CA ANZ Government relations leader Charlotte Evett says the move is a missed opportunity to reinvigorate the subject for young Kiwis. Photo: Supplied

A petition started last month by high school teacher Simone Hamilton is calling for the decision to combine level one accounting, business studies and economics as one subject to be reversed.

The petition has received 1343 signatures.

Following the Ministry of Education’s list of provisional subjects for NCEA level 1, 93 percent of submissions were about the combined ‘commerce’ subject - with 78 percent of them against them. Hamilton said “this indicated overwhelming opposition to the new subject and the Ministry of Education has ignored students, teachers, whānau and community”.

Evett says CA ANZ were supportive of refreshing a dusty curriculum that still refers to cheques. “You would lose young people straight away with that,” she said. “So we were supportive of combining the subjects under the premise that accounting would be included - it doesn’t look like they have.”

High school teacher Joanne Aberhart has taught economics, accounting and business studies. She says they are three completely different subjects and it’s not as simple as bundling them all together.

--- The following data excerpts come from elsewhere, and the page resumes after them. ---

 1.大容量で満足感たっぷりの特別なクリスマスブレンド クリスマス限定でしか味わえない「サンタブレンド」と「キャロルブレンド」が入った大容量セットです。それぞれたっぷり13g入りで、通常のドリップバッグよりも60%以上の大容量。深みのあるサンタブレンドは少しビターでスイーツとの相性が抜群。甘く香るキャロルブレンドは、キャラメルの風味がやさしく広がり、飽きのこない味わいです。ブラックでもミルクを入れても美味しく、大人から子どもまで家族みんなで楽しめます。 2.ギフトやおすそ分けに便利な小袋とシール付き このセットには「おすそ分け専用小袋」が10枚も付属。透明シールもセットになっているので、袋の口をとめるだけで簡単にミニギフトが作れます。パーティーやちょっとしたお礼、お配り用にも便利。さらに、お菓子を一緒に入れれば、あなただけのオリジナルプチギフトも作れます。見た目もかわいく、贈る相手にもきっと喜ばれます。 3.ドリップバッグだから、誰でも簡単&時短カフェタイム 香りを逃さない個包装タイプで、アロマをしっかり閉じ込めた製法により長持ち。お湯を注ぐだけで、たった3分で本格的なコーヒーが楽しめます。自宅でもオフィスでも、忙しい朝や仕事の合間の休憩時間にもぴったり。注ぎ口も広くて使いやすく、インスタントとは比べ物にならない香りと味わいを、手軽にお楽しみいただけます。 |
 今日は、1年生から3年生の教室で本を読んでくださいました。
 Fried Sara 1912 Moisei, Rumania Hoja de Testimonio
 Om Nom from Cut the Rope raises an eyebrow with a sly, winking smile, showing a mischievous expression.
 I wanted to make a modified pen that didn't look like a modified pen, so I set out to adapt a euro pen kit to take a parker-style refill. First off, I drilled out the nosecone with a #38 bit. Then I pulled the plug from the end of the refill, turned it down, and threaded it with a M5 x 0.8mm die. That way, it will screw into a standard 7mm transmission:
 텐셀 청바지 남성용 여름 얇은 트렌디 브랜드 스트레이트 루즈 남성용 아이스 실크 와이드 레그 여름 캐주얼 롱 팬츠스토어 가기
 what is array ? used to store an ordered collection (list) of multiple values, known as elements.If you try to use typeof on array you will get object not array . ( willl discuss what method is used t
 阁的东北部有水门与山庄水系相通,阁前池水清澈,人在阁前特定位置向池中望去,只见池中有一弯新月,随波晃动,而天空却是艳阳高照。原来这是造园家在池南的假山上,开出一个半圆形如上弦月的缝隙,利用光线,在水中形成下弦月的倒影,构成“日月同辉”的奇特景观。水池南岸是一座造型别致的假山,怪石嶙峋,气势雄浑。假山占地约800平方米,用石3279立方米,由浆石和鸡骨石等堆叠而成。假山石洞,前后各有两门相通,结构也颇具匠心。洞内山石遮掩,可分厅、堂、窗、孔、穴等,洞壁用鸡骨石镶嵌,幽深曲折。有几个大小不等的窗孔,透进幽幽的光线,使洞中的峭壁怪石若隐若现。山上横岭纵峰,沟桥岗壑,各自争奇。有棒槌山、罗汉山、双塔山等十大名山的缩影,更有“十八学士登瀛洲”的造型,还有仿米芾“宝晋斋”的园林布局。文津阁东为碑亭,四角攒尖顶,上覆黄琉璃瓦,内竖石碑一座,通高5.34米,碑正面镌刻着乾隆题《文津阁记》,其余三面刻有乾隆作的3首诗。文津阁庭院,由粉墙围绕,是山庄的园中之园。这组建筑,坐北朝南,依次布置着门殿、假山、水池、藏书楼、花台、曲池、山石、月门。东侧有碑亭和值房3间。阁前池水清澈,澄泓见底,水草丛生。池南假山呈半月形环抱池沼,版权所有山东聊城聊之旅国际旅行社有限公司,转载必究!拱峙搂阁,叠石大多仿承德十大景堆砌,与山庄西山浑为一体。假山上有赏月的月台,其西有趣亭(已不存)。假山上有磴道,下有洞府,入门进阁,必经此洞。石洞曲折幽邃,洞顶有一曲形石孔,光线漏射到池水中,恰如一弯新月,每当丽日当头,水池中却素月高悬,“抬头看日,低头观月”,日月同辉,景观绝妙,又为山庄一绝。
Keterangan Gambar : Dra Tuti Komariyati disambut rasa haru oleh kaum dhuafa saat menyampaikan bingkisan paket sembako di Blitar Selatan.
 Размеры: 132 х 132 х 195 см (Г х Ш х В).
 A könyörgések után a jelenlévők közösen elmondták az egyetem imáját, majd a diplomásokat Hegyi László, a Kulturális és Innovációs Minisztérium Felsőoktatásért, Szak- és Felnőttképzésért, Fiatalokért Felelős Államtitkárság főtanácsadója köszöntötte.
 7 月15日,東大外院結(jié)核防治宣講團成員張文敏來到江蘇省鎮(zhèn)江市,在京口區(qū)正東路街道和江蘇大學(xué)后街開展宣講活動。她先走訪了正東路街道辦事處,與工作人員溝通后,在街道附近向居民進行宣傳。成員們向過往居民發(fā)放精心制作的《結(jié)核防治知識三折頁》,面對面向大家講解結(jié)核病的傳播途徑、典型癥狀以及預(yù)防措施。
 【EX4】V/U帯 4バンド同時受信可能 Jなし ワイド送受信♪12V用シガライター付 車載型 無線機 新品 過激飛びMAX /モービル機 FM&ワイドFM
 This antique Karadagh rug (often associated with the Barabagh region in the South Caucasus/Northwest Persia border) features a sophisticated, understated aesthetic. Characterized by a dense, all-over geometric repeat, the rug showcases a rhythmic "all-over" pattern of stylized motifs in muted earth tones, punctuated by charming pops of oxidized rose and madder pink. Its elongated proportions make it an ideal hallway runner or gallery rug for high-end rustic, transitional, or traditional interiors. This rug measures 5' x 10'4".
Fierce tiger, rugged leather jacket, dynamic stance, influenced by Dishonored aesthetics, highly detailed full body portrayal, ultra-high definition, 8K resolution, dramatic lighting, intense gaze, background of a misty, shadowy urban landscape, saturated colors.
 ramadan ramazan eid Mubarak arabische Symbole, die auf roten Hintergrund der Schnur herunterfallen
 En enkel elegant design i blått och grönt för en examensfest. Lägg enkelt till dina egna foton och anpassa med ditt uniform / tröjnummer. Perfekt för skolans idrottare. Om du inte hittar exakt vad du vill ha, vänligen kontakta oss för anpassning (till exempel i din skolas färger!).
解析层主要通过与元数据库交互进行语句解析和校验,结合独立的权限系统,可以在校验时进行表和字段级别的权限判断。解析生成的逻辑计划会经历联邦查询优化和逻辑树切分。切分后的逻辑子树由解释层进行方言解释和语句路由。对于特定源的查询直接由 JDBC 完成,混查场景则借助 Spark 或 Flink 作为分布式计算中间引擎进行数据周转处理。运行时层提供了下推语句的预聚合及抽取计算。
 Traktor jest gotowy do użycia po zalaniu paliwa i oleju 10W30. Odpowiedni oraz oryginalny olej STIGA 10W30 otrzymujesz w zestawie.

This, combined with the Ministry of Education giving short thrift to the opinions of the teachers they consulted, makes her worried that it will be more difficult for students to pick up level two economics and accounting and numbers will dwindle.

These fears were mirrored by the Commerce and Economics Teachers Association, which told its members that the new subject would provide only surface learning and make the transition to level two more daunting.

Aberhart says she’s worried less about students who would go on to study commerce at university, and more about those leaving school and going into work or the trades and then starting their own business.

“A plumber may be a very good plumber but it doesn’t matter if he can’t keep his books,” she said.

And she’s not the only teacher worried about the move - her online groups for teachers of these subjects have a small minority of teachers ready to give the new way a go, with most teachers expressing disappointment at the decision.

She sees the move as part of a bigger trend from the Ministry of Education.

“They want a broader education at level one, but it could leave the students without the depth they need to go on,” she said.

Evett wonders why the ministry doesn’t see the value in an accounting focus in the new subject.

“Perhaps they see the increase in accounting software like Xero and MYOB as replacing the need for those basic skills,” she said. “But that’s like not teaching maths because we have calculators.”

The petition calling for the reversal of this decision is open until June 18.